(RECORDED INFORMATION)
--- START ---

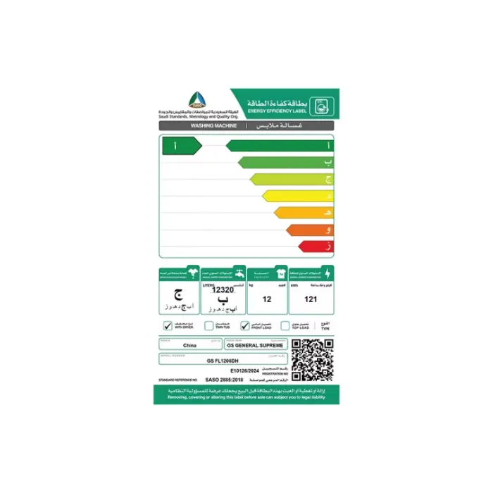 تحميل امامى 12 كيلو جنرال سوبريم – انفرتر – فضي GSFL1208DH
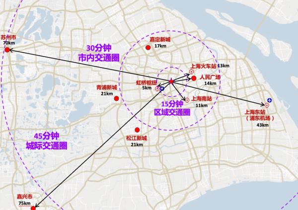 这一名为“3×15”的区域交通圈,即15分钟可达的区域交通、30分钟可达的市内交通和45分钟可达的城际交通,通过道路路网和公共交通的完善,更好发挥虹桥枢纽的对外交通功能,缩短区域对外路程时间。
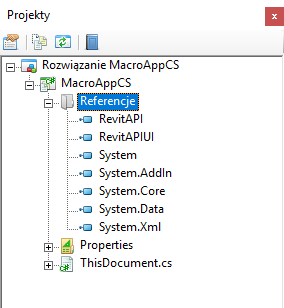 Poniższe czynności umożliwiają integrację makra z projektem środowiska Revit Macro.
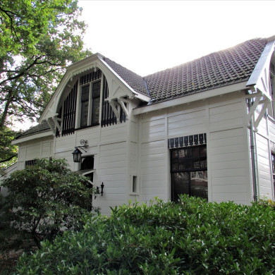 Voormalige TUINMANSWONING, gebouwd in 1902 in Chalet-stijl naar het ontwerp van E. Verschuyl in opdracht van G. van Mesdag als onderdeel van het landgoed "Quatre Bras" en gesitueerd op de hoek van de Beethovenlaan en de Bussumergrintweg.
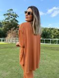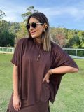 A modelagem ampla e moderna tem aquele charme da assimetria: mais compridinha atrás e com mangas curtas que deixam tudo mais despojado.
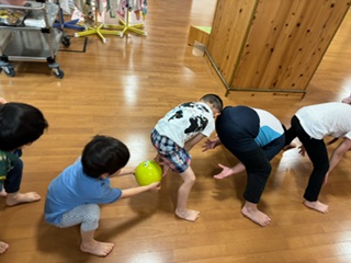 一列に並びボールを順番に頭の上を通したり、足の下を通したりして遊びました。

--- END ---
--- START ---

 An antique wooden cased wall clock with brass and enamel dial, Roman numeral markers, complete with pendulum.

--- END ---

(PROBLEM DETAILS) Drop the pictures; return the lines above from the line containing "تحميل امامى 12" to the line containing "一列に並びボールを順番に頭の上を通したり、足の下を通したりして遊びました。", both included, exactly.

(EXERCISE RESPONSE)
 تحميل امامى 12 كيلو جنرال سوبريم – انفرتر – فضي GSFL1208DH
 这一名为“3×15”的区域交通圈,即15分钟可达的区域交通、30分钟可达的市内交通和45分钟可达的城际交通,通过道路路网和公共交通的完善,更好发挥虹桥枢纽的对外交通功能,缩短区域对外路程时间。
 Poniższe czynności umożliwiają integrację makra z projektem środowiska Revit Macro.
 Voormalige TUINMANSWONING, gebouwd in 1902 in Chalet-stijl naar het ontwerp van E. Verschuyl in opdracht van G. van Mesdag als onderdeel van het landgoed "Quatre Bras" en gesitueerd op de hoek van de Beethovenlaan en de Bussumergrintweg.
 A modelagem ampla e moderna tem aquele charme da assimetria: mais compridinha atrás e com mangas curtas que deixam tudo mais despojado.
 一列に並びボールを順番に頭の上を通したり、足の下を通したりして遊びました。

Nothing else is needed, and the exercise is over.